Billionaire hedge fund manager Ray Dalio is not only worried about the U.S. recession.

“This” is Trump’s international tariffs.

“The recession is two negative seasons of GDP, is there a little bit of going there. We always have these things. We have something deeper,” the investor and Bridgewater founder explained. “We have a breakdown of currency orders. We will change the currency order because we can’t spend the amount of money. So we have this problem. When we talk about the dollar and we talk about tariffs, we have it.”

He added that the situation the United States has faced is precedent. “The era like this is very much like the 1930s. I’ve learned history. This will repeat over and over again. So if you take tariffs, if you take debts, if you take rising forces to challenge existing forces, if you take these factors and look at these factors and look at these factors, these orders, systems, systems, very, very, very, very, very, very, very, very, very, very disruptive things can produce very, very good things. This can cause worse things.

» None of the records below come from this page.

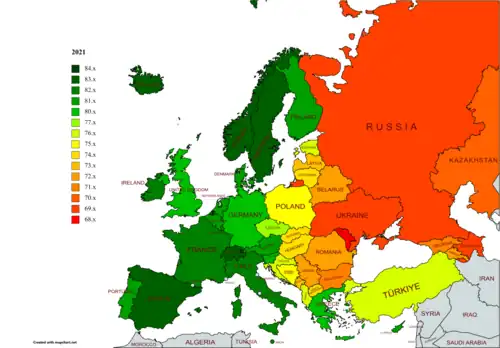 Europe's population growth is low, and its median age high. Most of Europe is in a mode of sub-replacement fertility, which means that each new(-born) generation is less populous than the one before.[3] Nonetheless, most West European countries still have growing populations, mainly due to immigration within Europe and from outside Europe and some due to increases in life expectancy and population momentum. Some current and past factors in European demography have included emigration, ethnic relations, economic immigration, a declining birth rate and an ageing population.
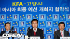 [OSEN=민경훈 기자] 14일 오후 서울 종로구 신문로 축구회관 1층에서 열린 ‘대한축구협회(KFA)-고양시 월드컵 아시아 최종 예선 개최지 협약식’에서 조중연 회장과 최성 고양시장, 그리고 최강희 국가대표팀 감독이 참석하고 있
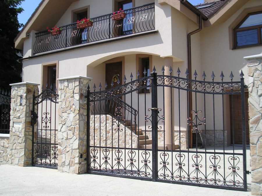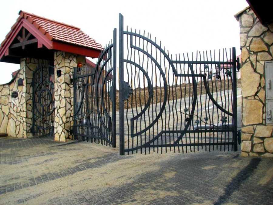 Кованые ворота и калитки относятся к элементам ландшафтного дизайна. Независимо от вида ограды они способны самостоятельно украсить любой участок. Вход во двор умелые мастера превращают в произведение искусства. Рисунок ворот может повторять узор на заборе и представлять единое целое со всей оградой. Если на полотне ограды нет сложных деталей, ворота выступают самостоятельным элементом декора.
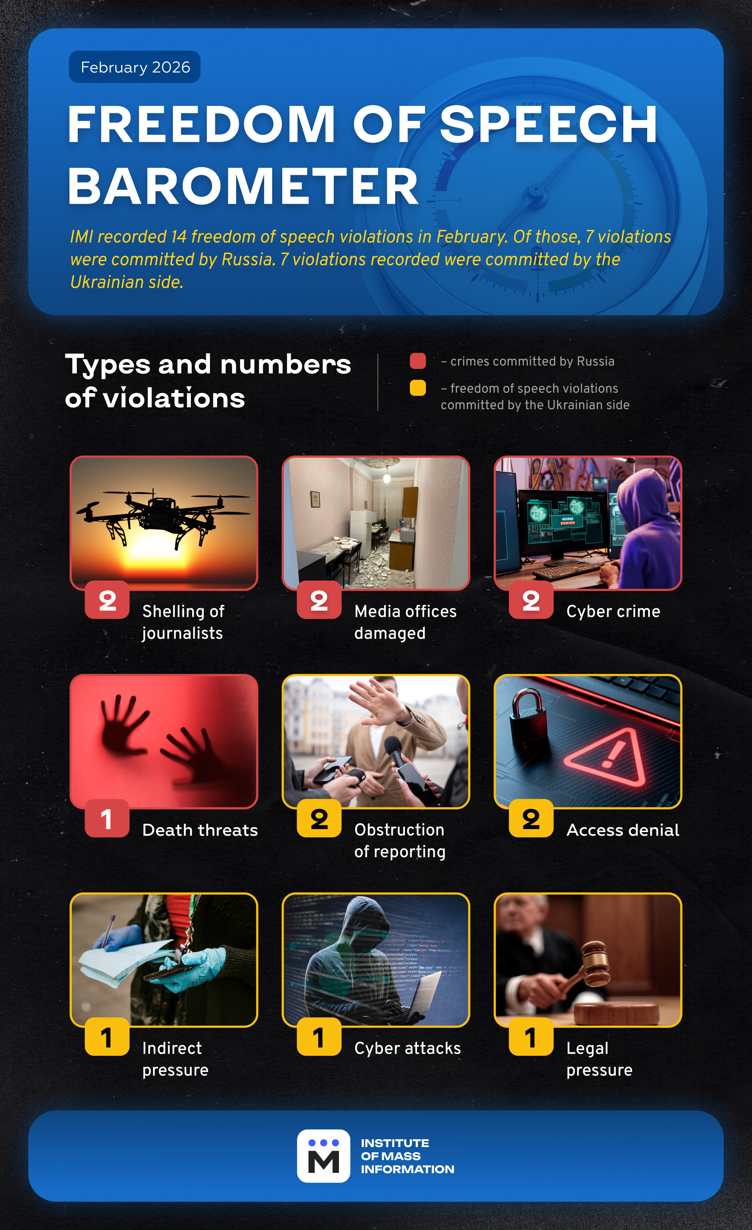 See the full list of press freedom violations in Ukraine in February 2026 below.
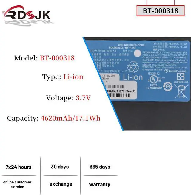 Part Numbers: BT-000318 BT-000318-01 82-171249-01 82-171249-02 BTRY-TC70X-46MA1-01 BTRY-TC7X-46MA2 BTRY-TC7X-46MPP-01 1ICP5/42/62-3 ^^ 100% New from Manufacturer. Up to 500 recharge cycles over the life of the battery. The actual operation time will depend on how much electricity is required by the device and how you use it ^^ For first use, please discharge the battery to 5%(not to 0%) and then charge to 95%, and cycle 3-4 times
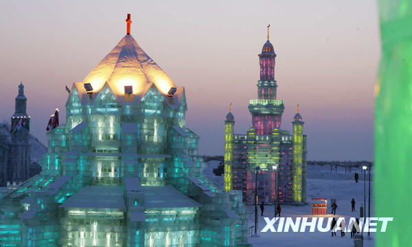 1月4日,游客在哈爾濱冰雪大世界游覽。

After Welk asked Dalio to clarify (and point out that the 2008 recession was correctly predicted), he added that the United States was “at the juncture.”

“Let’s take the budget. If the budget deficit can be reduced to 3% of GDP, then if there is no change, it will be about 7%. “If it can be reduced to about 3% of GDP and these trade deficits etc can be managed in the right way, then this can all be managed well. I believe that members of Congress should take the assurance, I call the 3% guarantee. In one way or another, they will encounter debt, and if they don’t, then we will have any problems than normal recession.”

Welk continued to push Dalio and asked him to name his “greatest fear” in terms of the financial crisis. “The value of money, what is wealth’s store wealth? That’s a kind of bond. In other words, one’s debt is the asset of another, the bondholder. So if that kind of wealth “shop holding” is in danger because there is too much supply and demand, and we have monetary inflation,” he explained. “We will suffer a lot of damage. It could be like the collapse of the monetary system of ’71. It might be like 2008. It will be very serious.”